Copy the listing as it is written, and leave each picture out.

***** GIVEN MATERIAL

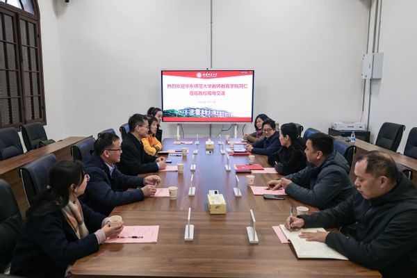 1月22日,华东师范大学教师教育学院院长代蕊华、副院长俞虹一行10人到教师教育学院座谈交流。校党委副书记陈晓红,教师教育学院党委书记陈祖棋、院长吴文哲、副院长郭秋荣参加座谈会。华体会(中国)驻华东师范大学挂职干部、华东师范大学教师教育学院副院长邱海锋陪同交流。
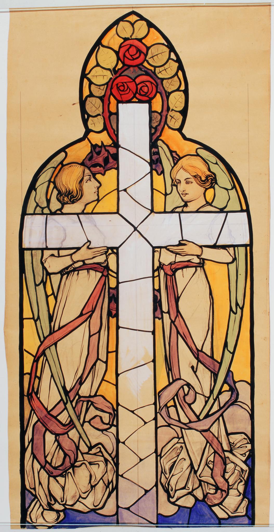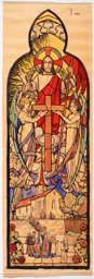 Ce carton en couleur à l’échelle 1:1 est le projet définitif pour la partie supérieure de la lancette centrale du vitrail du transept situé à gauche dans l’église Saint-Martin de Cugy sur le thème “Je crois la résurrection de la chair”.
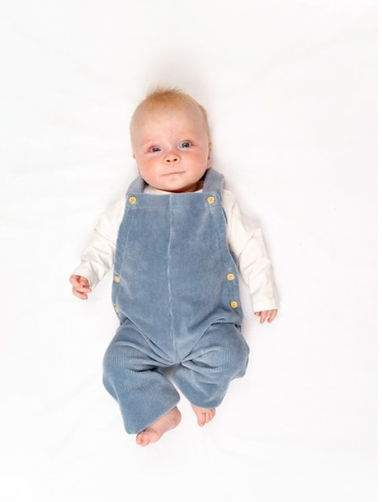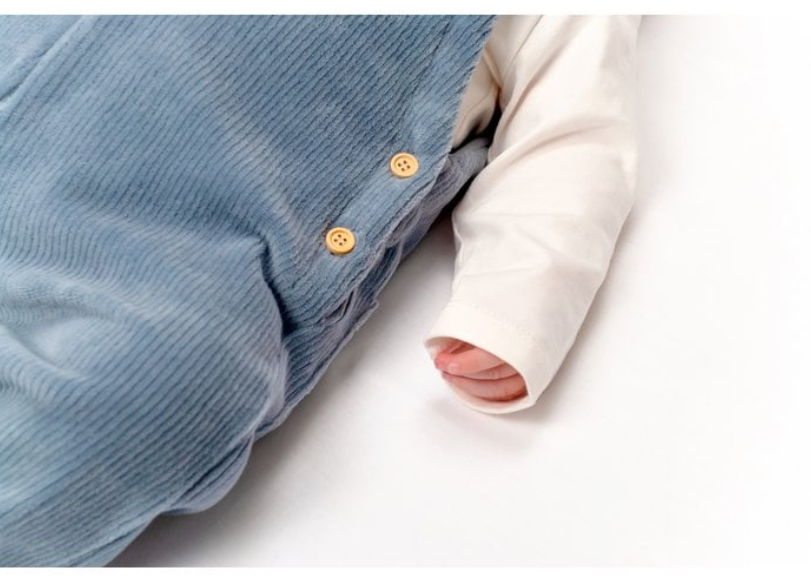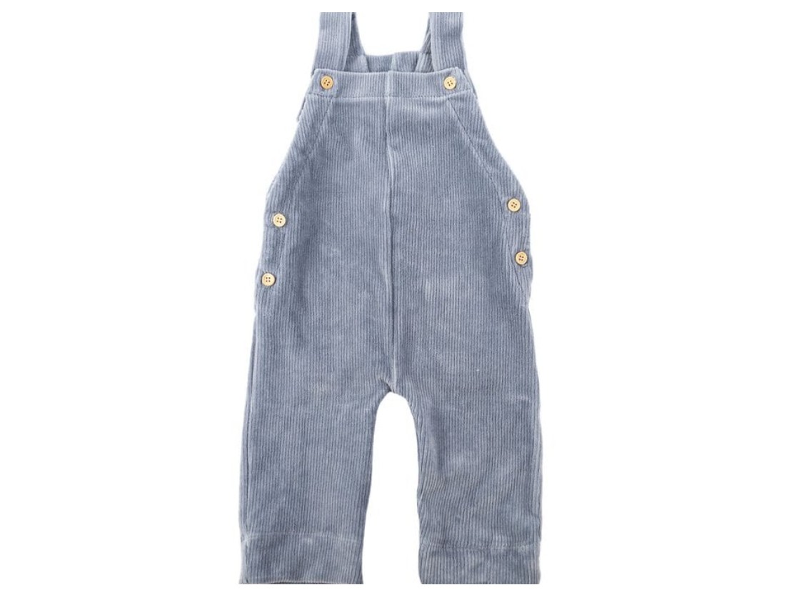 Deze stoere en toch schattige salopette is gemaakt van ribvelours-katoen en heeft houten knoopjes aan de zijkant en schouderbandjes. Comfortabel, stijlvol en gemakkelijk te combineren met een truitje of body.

**********

### PROBLEM SOLUTION
 1月22日,华东师范大学教师教育学院院长代蕊华、副院长俞虹一行10人到教师教育学院座谈交流。校党委副书记陈晓红,教师教育学院党委书记陈祖棋、院长吴文哲、副院长郭秋荣参加座谈会。华体会(中国)驻华东师范大学挂职干部、华东师范大学教师教育学院副院长邱海锋陪同交流。
 Ce carton en couleur à l’échelle 1:1 est le projet définitif pour la partie supérieure de la lancette centrale du vitrail du transept situé à gauche dans l’église Saint-Martin de Cugy sur le thème “Je crois la résurrection de la chair”.
 Deze stoere en toch schattige salopette is gemaakt van ribvelours-katoen en heeft houten knoopjes aan de zijkant en schouderbandjes. Comfortabel, stijlvol en gemakkelijk te combineren met een truitje of body.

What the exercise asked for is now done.